Thanks so much, I'll look into that


----------



## annie7 (Aug 16, 2002)

thanks--you're more than welcome









i just noticed that you're taking miralax. that can also cause skinny stools because it makes them softer.


----------



## MrsT15 (May 19, 2016)

That's what I was thinking so I took a break from it and have had hardly any changes. Still always soft, but hard to pass.I've been trying those relaxing methods and have helped some, thank you!


----------



## annie7 (Aug 16, 2002)

i'm glad the relaxing methods have helped some.

have you tried elevating your feet on something like a foot stool, overturned waste bin, large shoe box or a squatty potty. elevating the feet while sitting on the toilet helps straighten out the anorectal angle to allow a more complete evacuation and makes it easier to pass stools. it might take some experimentation to find the height that's right for you. i first used a foot stool, then a very large shoe box and then finally bought a squatty potty on amazon. it does help.

have you tried adding a little fiber to your diet to help make your stools firmer and then possibly easier to pass? sometimes that helps. go slowly when adding fiber. too much too soon can make you gassy and too much fiber can also back you up if it's more fiber than you need. keeping a food diary helps.

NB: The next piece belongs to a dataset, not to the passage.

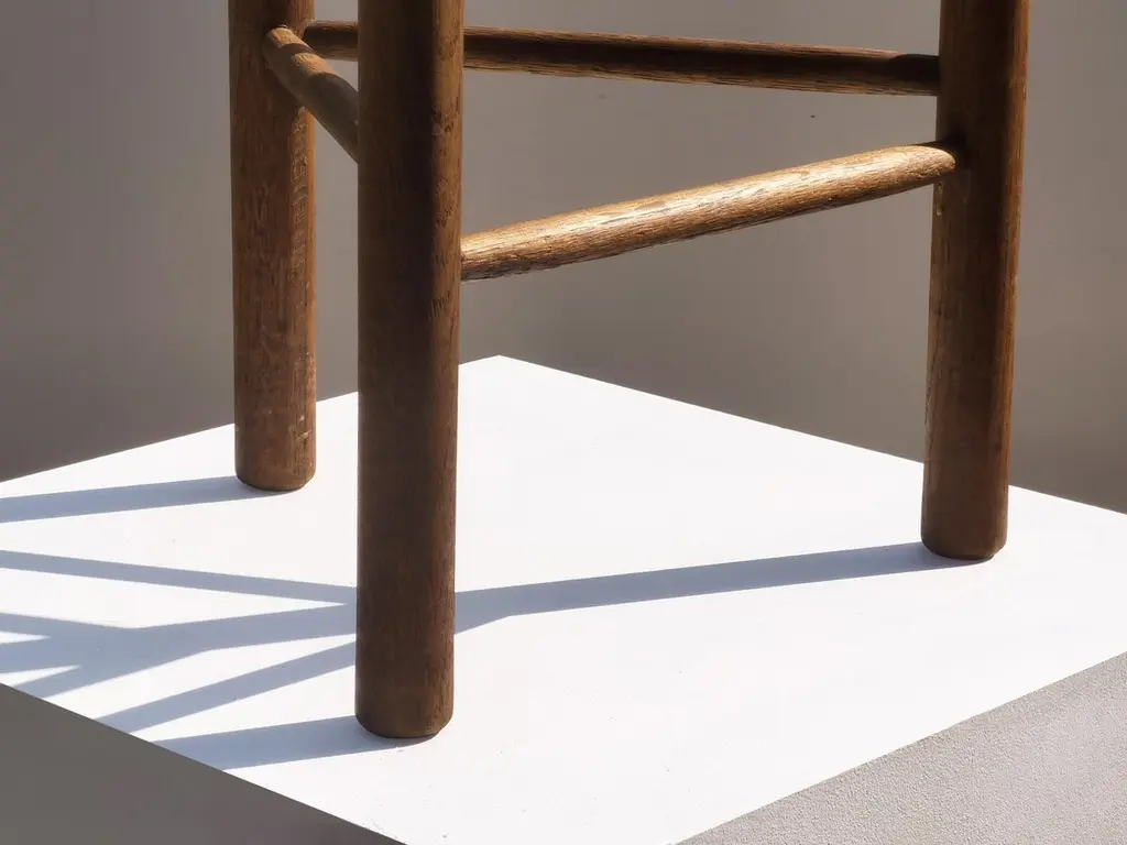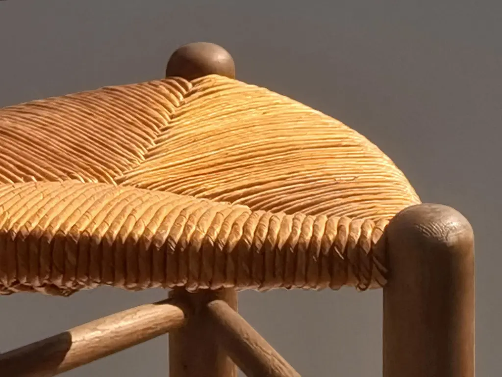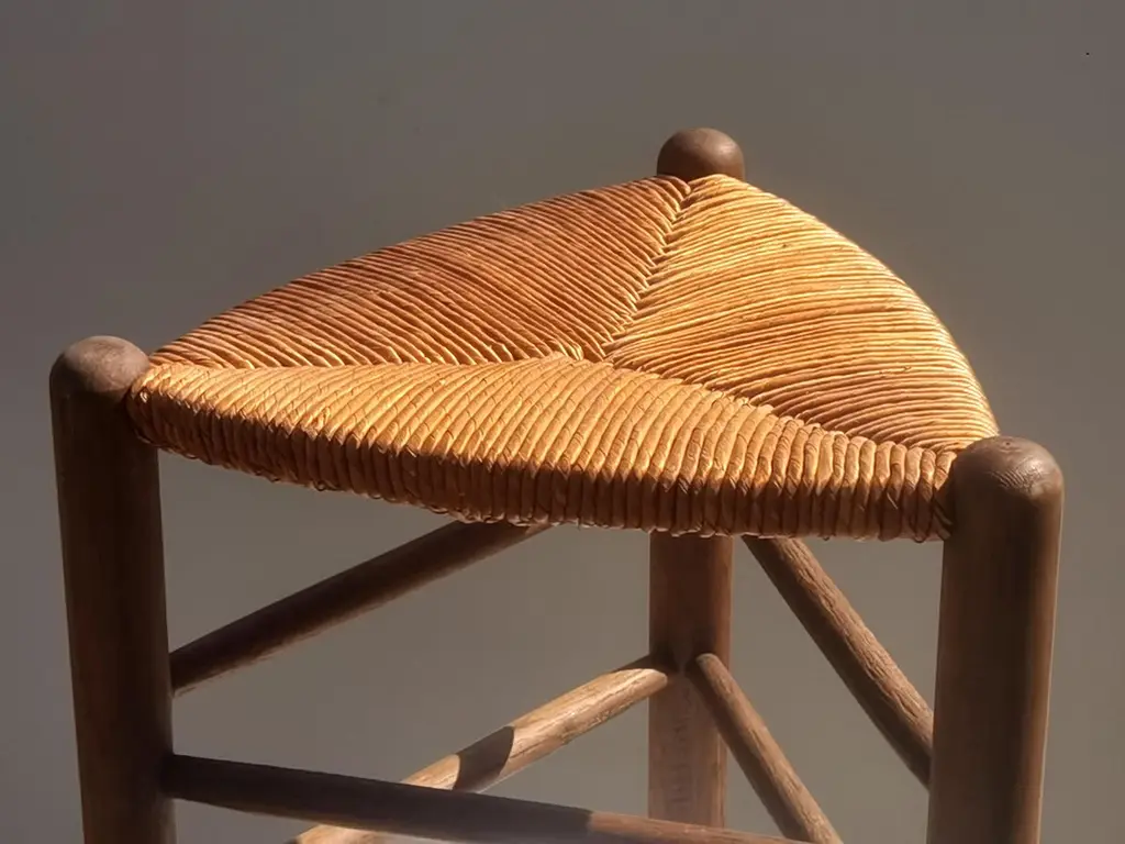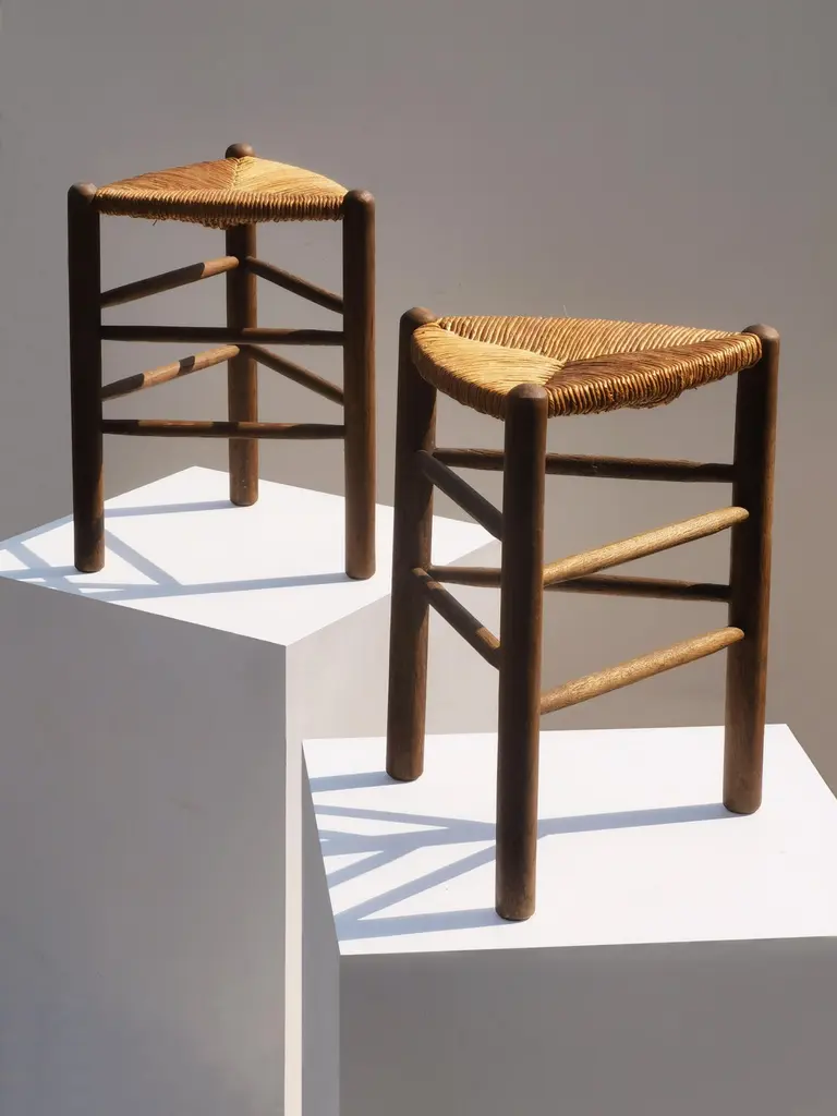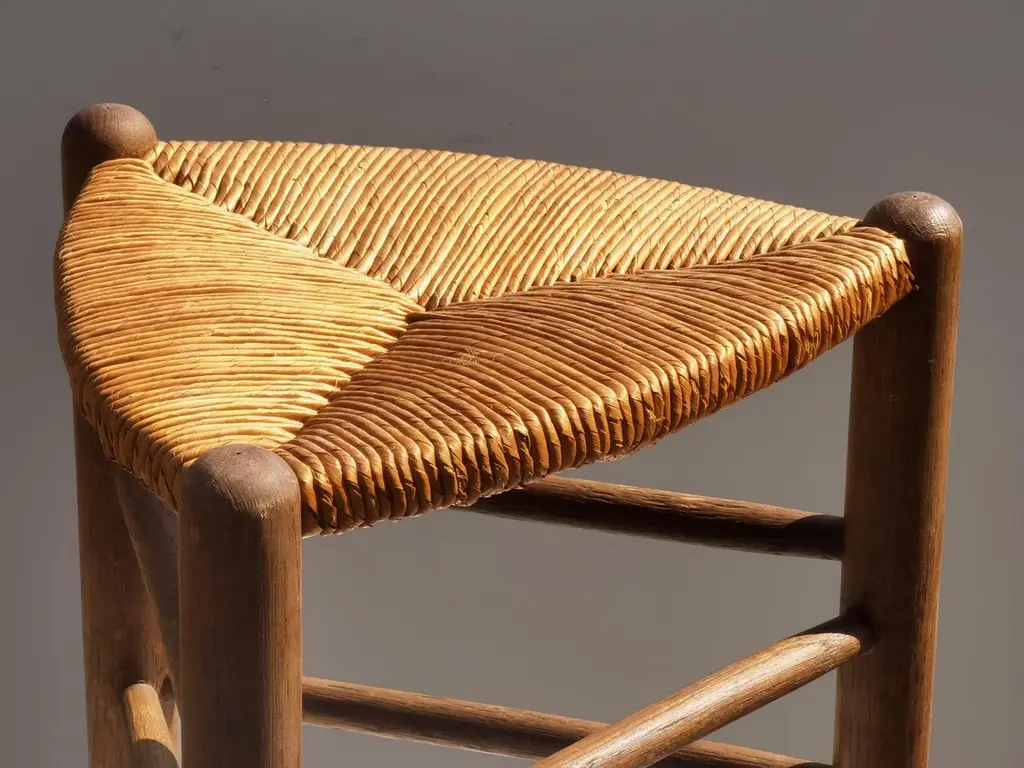 One singular and charming (of a set of 3, 2 other pieces being on sale as a pair in our other sales) single tripod stool, Mid-Century Modern, Modernist, Rustic Modern, Brutalist, solid and architectural tripod structure in solid elm, singular triangular shaped woven straw seat, in the spirit of the creations of Charlotte Perriand, by Pierre Faucheux, France 1950.The wood and the straw combined to this unusual triangular design are giving this piece a unique warm feel in any interior.2 OTHER IDENTICAL PIECES ARE AVAILABLE, ON SALE IN OUR OTHER SALES, TO FORM A SET OF 3 PIECES.CONDITION: In original condition.Wear, scratches, cracks, deformation, traces, patina of use on all surfaces.

if you find yourself straining because you have problems getting your stools out, you could have pelvic floor dysfunction. with pfd, the pelvic floor muscles do not coordinate and/or relax properly to allow easy passage of stool. a defecogram (defecatory proctogram) is a test that will dx this. biofeedback with a specially trained physical therapist can help correct it.

are you lactose intolerant? that can cause soft or loose stools. so can gluten intolerance.


----------



## William Hobba (Jan 17, 2014)

In IBS your bowl is cramping and this squashes your stool. You can increase its thickness by eating more fiber, but don't go overboard as too much fiber will increase bloating and slow transit time - its a matter of the right ballance.

Mine actually vary - I get thin stools, squashed stools, all sorts of funny shapes, even the occasional near log. The reason I don't get big logs any more is I take Miralax which softens stools so they squish more.

You may also have a pelvic floor issue - 36% of people with IBS do:

http://www.mayoclinic.org/medical-professionals/clinical-updates/general-medical/treating-patients-with-pelvic-floor-dysfunction

That also causes thin stools.

Thanks

Bill


----------



## sara1991 (May 13, 2017)

I also have the same problem and feel like I'm back to square 1. When my IBS first started I got on a bland rice & chicken diet with bananas and walnuts and drank mastic gum as well as chamomile tea and for some reason my stool was normal and I could have a decent BM every other day. Since then, I got on a round of Rifaximin + Metronodizole and this made me gassy & more constipated than ever so I stopped immediately & started a 100 Billion probiotic along with JArrow Formulas which gave me diarhhea a week then back to pencil thin stools. I've been trying to bulk up my stool using Psyllium husk and flaxeed oil and still get very thing & stringy stool (Currently back to the same diet but using Miralax as well incase things get blocked up). I used Magnesium Citrate powder for a week but it gave me severe diarhhea so now I've ordered some Mag Oxide to try, instead.

My question is I was doing so well with the BMs consistency and frequency but still had lots of gas but now can't even have BMs and pass gas all day long - This is on top of the annoying anal discomfort and cramping without actually being able to evacuate.

Is this common with IBS? or am I doing something wrong with my diet/supplements?

Seriously feel like I'm at my wit's end with this illness, it hasn't even given me a break for a day for 7 months now!!!!!


----------



## ♧Pandora☆ (Jun 23, 2017)

Hi sara, alot of people find pencil thin stool is due to food intolerances.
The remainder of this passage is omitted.